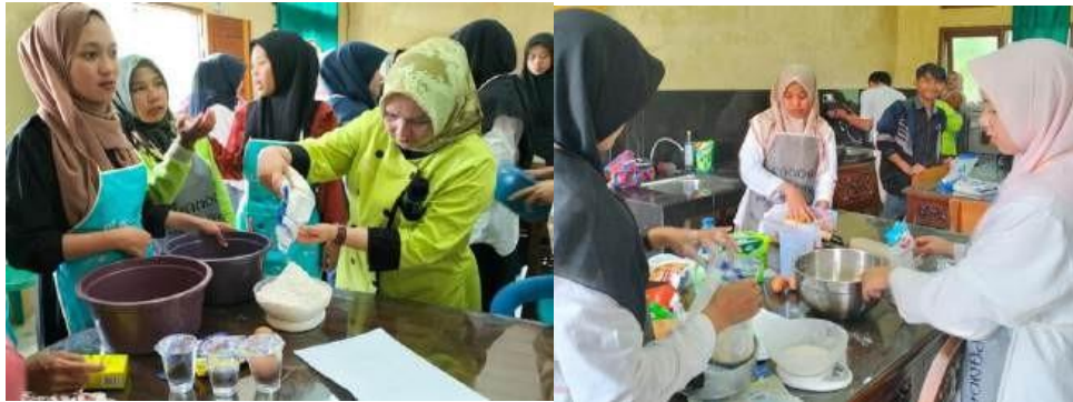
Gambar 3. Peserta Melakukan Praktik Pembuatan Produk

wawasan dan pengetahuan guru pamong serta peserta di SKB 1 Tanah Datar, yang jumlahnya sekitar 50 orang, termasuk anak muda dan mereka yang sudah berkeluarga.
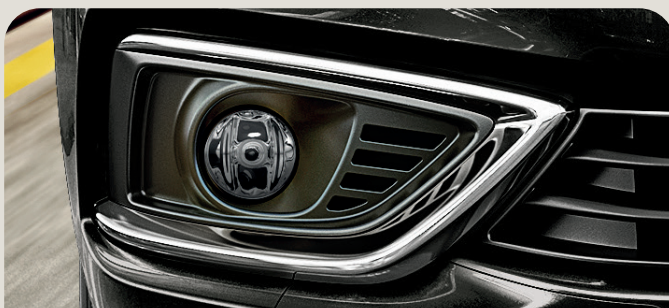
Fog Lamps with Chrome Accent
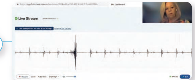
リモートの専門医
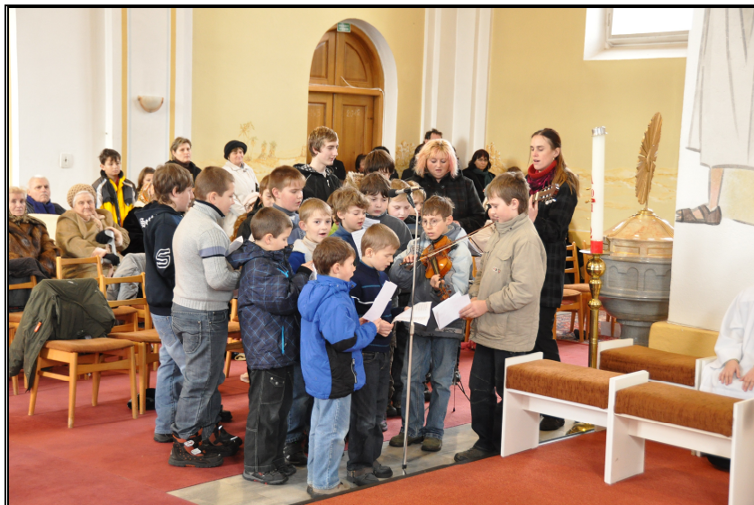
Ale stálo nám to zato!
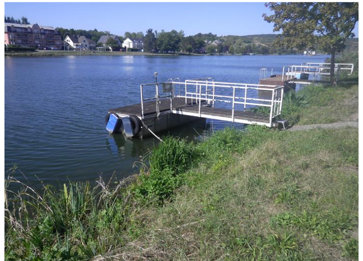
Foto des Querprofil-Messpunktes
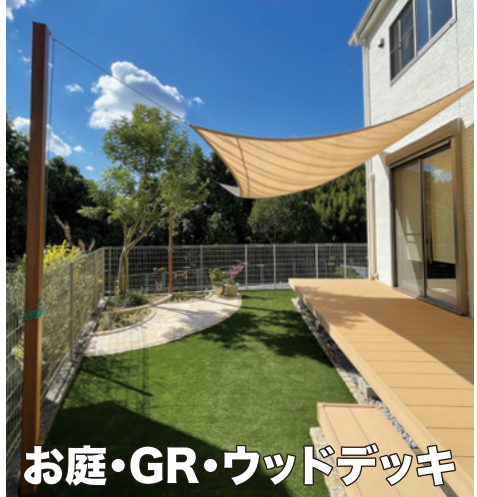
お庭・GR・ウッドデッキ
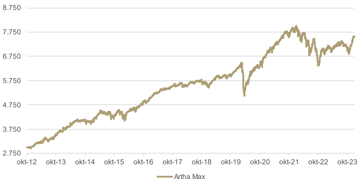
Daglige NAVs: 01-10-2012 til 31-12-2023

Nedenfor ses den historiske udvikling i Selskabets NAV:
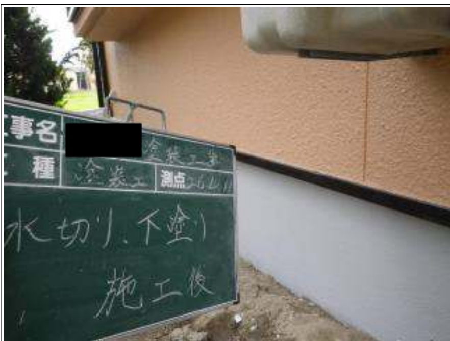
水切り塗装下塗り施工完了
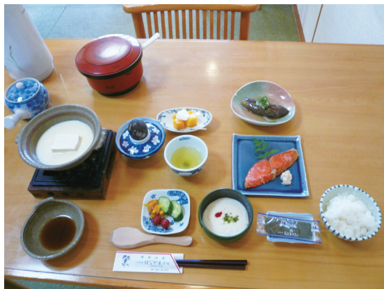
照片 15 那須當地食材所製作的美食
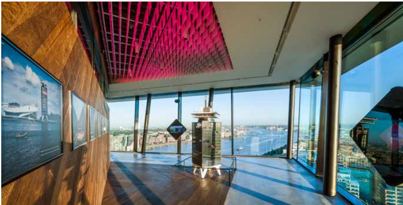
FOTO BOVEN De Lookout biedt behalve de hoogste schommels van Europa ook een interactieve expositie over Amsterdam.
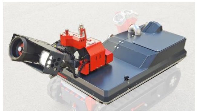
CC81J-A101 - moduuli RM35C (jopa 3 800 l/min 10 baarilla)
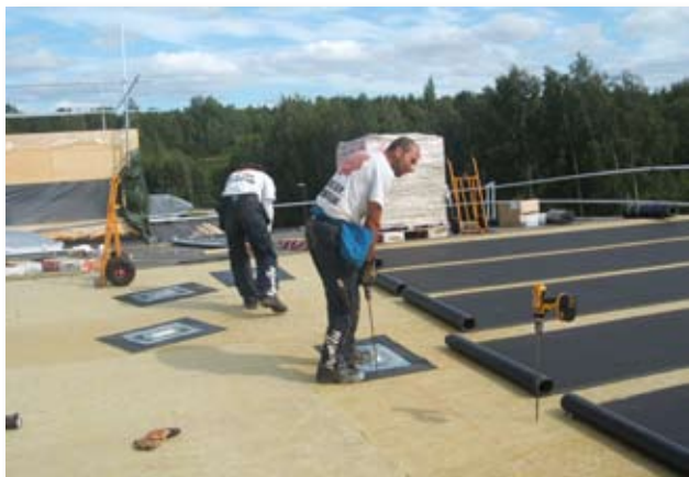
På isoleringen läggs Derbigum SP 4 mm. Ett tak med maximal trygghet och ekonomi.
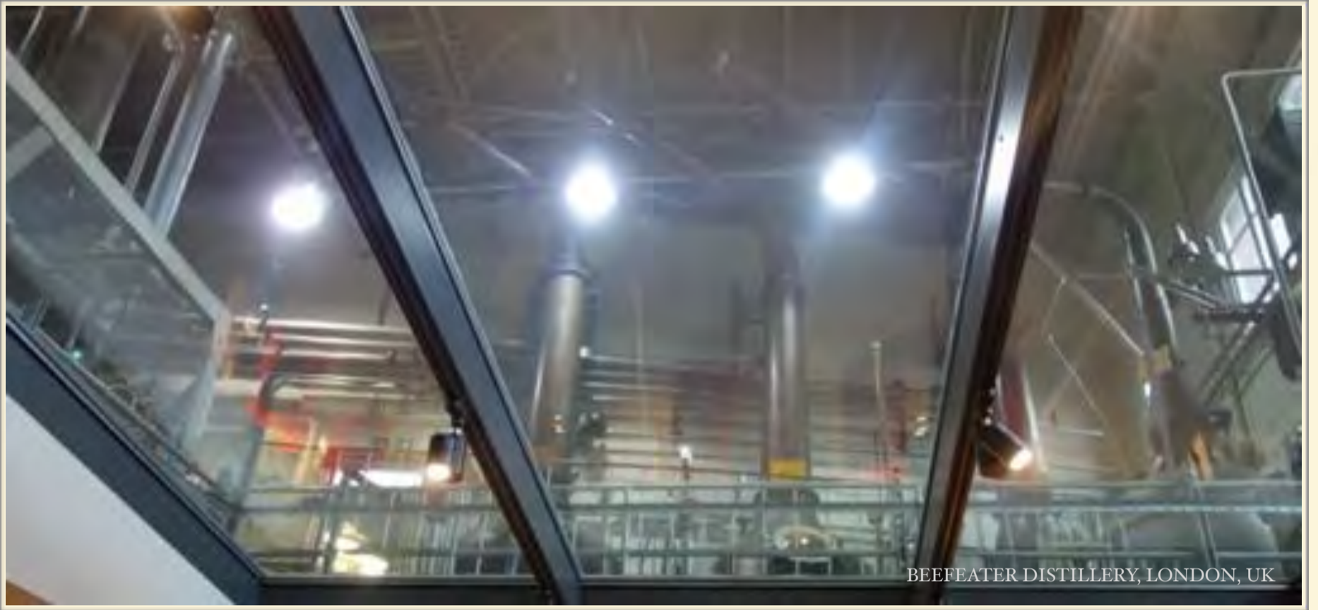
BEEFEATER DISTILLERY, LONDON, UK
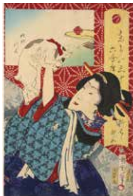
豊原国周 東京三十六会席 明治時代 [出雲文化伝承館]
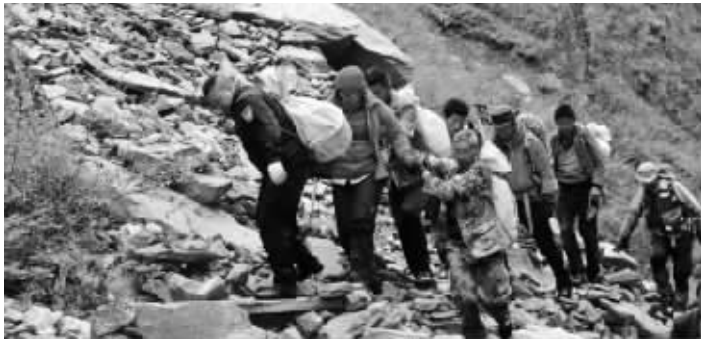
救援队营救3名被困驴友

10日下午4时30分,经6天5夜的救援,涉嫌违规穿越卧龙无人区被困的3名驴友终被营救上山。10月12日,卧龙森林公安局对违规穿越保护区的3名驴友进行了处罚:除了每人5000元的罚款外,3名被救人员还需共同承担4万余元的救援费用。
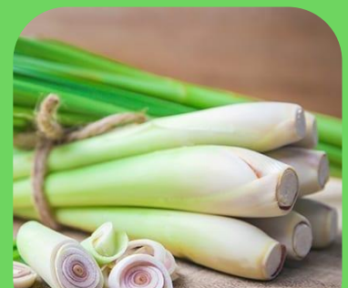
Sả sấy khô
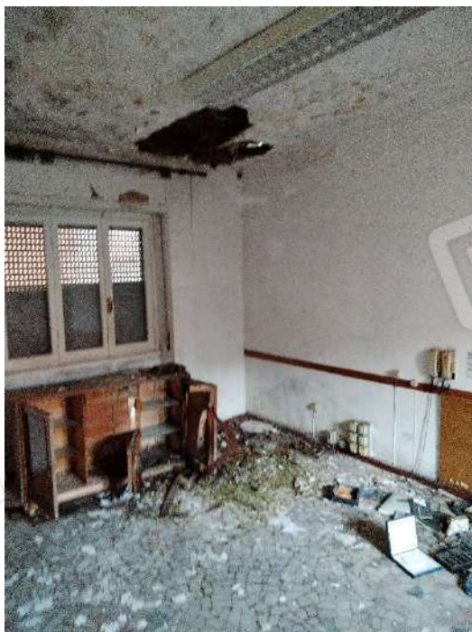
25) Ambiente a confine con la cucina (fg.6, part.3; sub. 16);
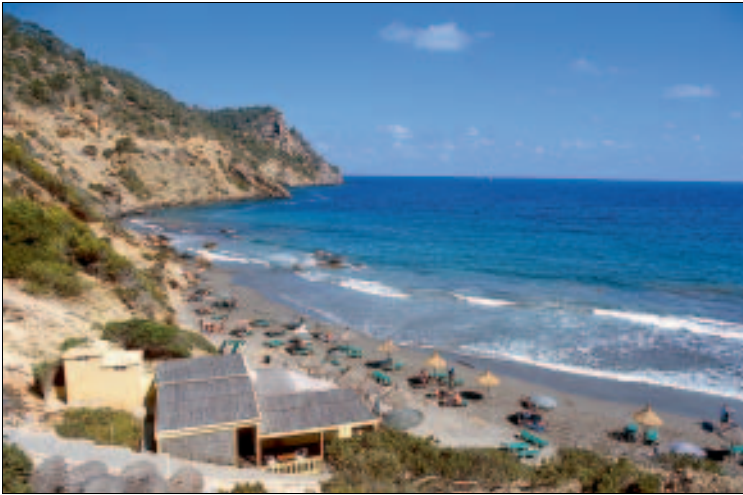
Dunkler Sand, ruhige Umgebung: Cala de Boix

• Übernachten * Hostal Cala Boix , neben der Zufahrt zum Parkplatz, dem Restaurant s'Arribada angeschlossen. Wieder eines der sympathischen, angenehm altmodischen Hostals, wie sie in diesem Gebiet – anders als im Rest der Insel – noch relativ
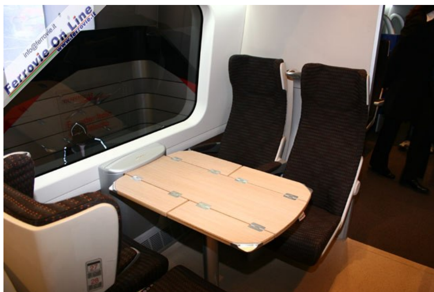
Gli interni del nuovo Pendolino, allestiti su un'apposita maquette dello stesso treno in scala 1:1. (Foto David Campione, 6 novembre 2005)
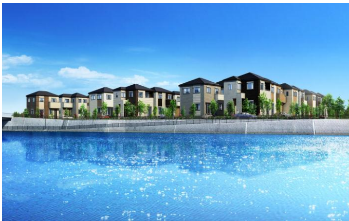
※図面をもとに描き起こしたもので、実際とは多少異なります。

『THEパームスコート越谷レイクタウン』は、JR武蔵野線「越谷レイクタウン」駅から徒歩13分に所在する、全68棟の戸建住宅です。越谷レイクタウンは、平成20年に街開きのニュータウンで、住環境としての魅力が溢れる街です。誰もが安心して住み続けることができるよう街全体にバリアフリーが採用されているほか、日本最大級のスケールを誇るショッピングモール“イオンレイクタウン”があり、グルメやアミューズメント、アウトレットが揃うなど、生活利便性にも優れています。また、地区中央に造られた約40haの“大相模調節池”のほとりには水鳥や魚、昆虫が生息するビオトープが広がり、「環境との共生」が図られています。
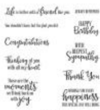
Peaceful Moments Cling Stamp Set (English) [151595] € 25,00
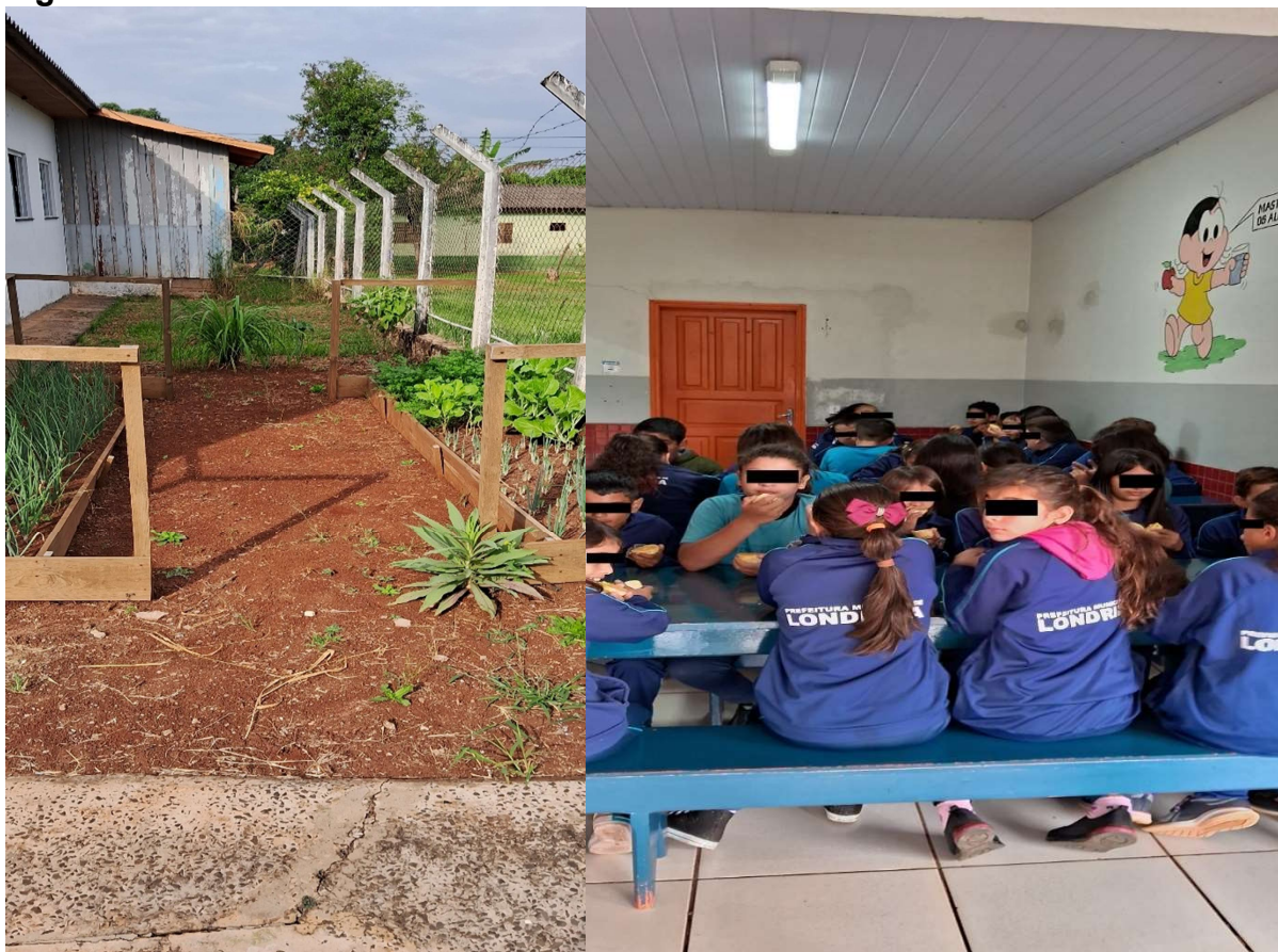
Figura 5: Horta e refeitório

▶ [DESCRIPTION OF THE TASK]:
Look through the data above and return each line where the string "Boix" occurs.

▶ [TASK RESPONSE]:
Dunkler Sand, ruhige Umgebung: Cala de Boix
• Übernachten * Hostal Cala Boix , neben der Zufahrt zum Parkplatz, dem Restaurant s'Arribada angeschlossen. Wieder eines der sympathischen, angenehm altmodischen Hostals, wie sie in diesem Gebiet – anders als im Rest der Insel – noch relativ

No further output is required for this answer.